На последней фразе он бросил взгляд на Ивана и хохотнул, но тот, видимо, умел держать себя в руках и сохранил на лице невозмутимое выражение полного спокойствия. Юля разглядывала невидимые пылинки на парте, осознавая, что еще ни один человек в жизни не вызывал у нее такого омерзения и отвращения, как здешний лесничий.
— Ваня-то жив вообще-то, — раздался возмущенный голос Зинаиды.
— Ага, вижу, — словно выплюнул слова Афанасьич и вернулся к своему родному сленгу. — Ты уж прости меня, Иванушка, но толку с вас как с быка молока, тоже мне способность — в лес заглянуть да на камень полюбоваться. Ха! Зато возомнили себя тут невесть кем! Ладно, один-то кони двинул, пущай земля ему будет хоть пухом, хоть пером.
Сева дернулся, готовый вскочить и броситься на лесничего, но Иван, глядя на него, помотал головой, а сам лишь молча сжал кулаки.
— Сиди, щенок, и не рыпайся. Пристрелю, и ничего мне за это не будет, у тебя ни документов нет, ничего. Ты никто, понял? Тебя вообще в этом мире не существует.
— Андрей, ты полегче, — нервно проговорила Анна. — Это тебе Алексей неугоден, а ему он как отец был.

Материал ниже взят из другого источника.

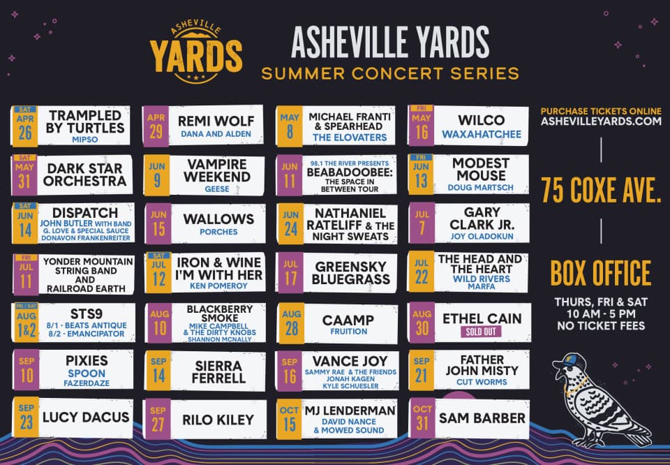 - This new outdoor venue in the heart of downtown Asheville gives you ALL the things you want - music, movies, tacos and local beer & beverages. No pets allowed, but kiddos are - bring the family. Open Daily! Reservations are encouraged on the weekends and walk-ins work for weekdays. Pandemic procedures are in place for everyone's safety. Check out the website to stay updated on coming events and hours.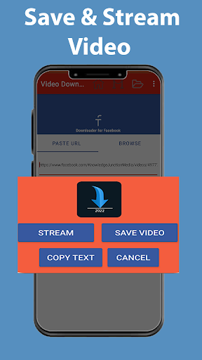 Le téléchargeur de vidéo pour Facebook est utilisé pour enregistrer des vidéos Facebook sur vos téléphones mobiles. Video Downloader pour Facebook peut facilement enregistrer des vidéos Facebook Vous devez copier le lien de la vidéo, puis ouvrez le téléchargeur de vidéos pour Facebook et coller le lien vidéo dans FB Video Downloader, puis cliquez sur Afficher le contenu dans FB Video Downloader. Un écran contextuel apparaît. Dans FB Video Downloader, il existe deux options de flux vidéo et enregistrez la vidéo si vous souhaitez lire une vidéo dans le lecteur vidéo de cette application FB Downloader, puis utilisez l'option Stream de cette application, il jouera la vidéo dans son lecteur vidéo et si vous voulez. Enregistrez la vidéo sur votre téléphone portable puis utilisez l'option Enregistrer la vidéo de Facebook Video Saver.

— Да что ты говоришь!.. — Афанасьич картинно взмахнул руками. — А чего ж ты этого отца так не взлюбила? Или забыла, как уговаривала меня старших в городской интернат пристроить, а? А не ты ли просила выдворить отсюда Алексея, чтобы в доме большом да просторном остаться, а? Испугалась, что вместо тебя другую бабу приведет? Что ты глазки в пол уставила?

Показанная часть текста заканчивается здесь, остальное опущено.